Maybe We Prayed Too Hard for Rain

    When looking at tectonic hazard risk in the South most would agree it’s a pretty safe place considering its low seismic activity. However, where it lacks seismic activity the South almost overcompensates in extreme weather, whether that be heat, hurricanes, tornadoes, or flooding.

    2006-2008 marked one of the worst droughts to hit Southeast, 2007 in particular. Atlanta especially is known for its heat. I remember days at school when we weren’t allowed to go outside for recess or kids getting sent home with heat-related issues. During the summer, the rain was always warm, and when it ended, I’d watch the parking lot outside my apartment get enveloped in wispy steam as it made its way back to the atmosphere. 

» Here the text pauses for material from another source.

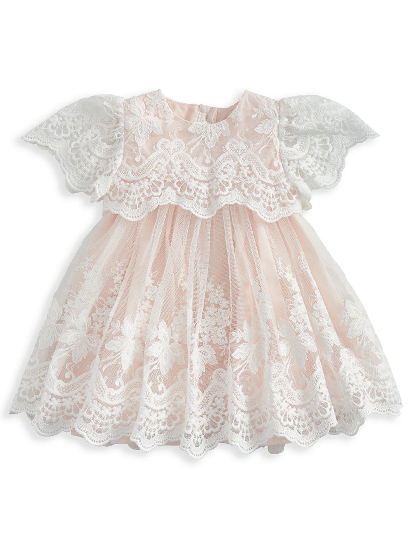 Mamas & Papas Baby Girls Lace Frill Sleeve Dress - Pink A beautifully detailed dress that combines elegance and charm, perfect for special occasions. It features a yoke and gathers attached at the waist for a flattering, structured fit, with a tulle peplum frill lining for fullness and volume. Lace details on the sleeves add a touch of delicacy, while the floating bodice with a delicate scalloped edge enhances the overall design. The back opening is finished with mother-of-pearl buttons for a refined touch. Material Content: Shell: 100% Nylon, Lining: 100% Cotton Washing Instructions: Machine Washable Lace sleeves and scalloped edges add a sophisticated touch Mother of pearl details on back opening Perfect for those dressier occasions

Map of the US showing drought intensity on a particularly bad day for the Southeast

    I didn’t quite understand how bad the situation was at the time, but I came to learn later that several counties were in a state of emergency, and records were broken. Drought intensity is ranked from D0 (Abnormally Dry) to D4 (Exceptionally Dry). At the time, a good portion of Northern Georgia was in D4. I remember the news talking about Lake Lanier, a reservoir my family would visit every so often, being extremely low, as well as the Chattahoochee River, which was a major water supply for Atlanta. We never ran out of water but everyone was implored to use only what was necessary and nothing more, so bottled water was in high demand. At school, we were taught all the ways we could and should save water, from taking shorter showers to putting bottles in the toilet tank to use less water during flushes. For the longest time, I’ve been a stickler about water usage and I think it came from all this. The drought was something that came up in church or at grace before meals, it practically became automatic to ask for rain.

    In 2008 my family moved to Ohio and we left the drought behind, but what came the next year was jaw-dropping. The following year Georgia received record-breaking amounts of rain, which was cool and much needed at the beginning of the rainfall, but it just kept coming. Hurricanes happened all around us so I was desensitized to seeing flooded homes, but this was different. I had never seen so much water in Atlanta before. I distinctly remember my 10-year-old self thinking, “Shoot I think we prayed too hard.” The water got so high that the rollercoasters at Six Flags Over Georgia were partially submerged. There was so much water I pretty much forgot there was even a drought. There ended up being $500 million in flooding damage for the state.

Six Flags flooded by the Chattahoochee River

It was utterly mindboggling to me that the state could go from record-breaking drought to record-breaking flooding in like a year or two. The drought was attributed to a jet stream that blocked usual storms from making landfall and a La Niña in 2006 brought on dryer conditions. The above-average rainfall was a result of “A combination of ample moisture from both the Atlantic Ocean and the Gulf of Mexico and topography enhancement.” As the saying goes, “Come hell or high water.” Well, for Georgia and a good portion of the southeast, it definitely came.

https://www.weather.gov/ffc/atlanta_floods_anniv#:~:text=Catastrophic%20flooding%20impacted%20the%20Atlanta,than%20local%20watersheds%20could%20handle.

https://www.nbcnews.com/id/wbna21393296

Comments

  1. Hey Johanan, I really liked reading your blog! Since I live in Minnesota, I have never experienced a drought, so it was cool to read about one. I am interested in how much water the flood actually brought to Georgia. Did people save some of the water from the flood because everyone was so used to saving it? Where there mitigation techniques set up to prevent flooding? Nice post!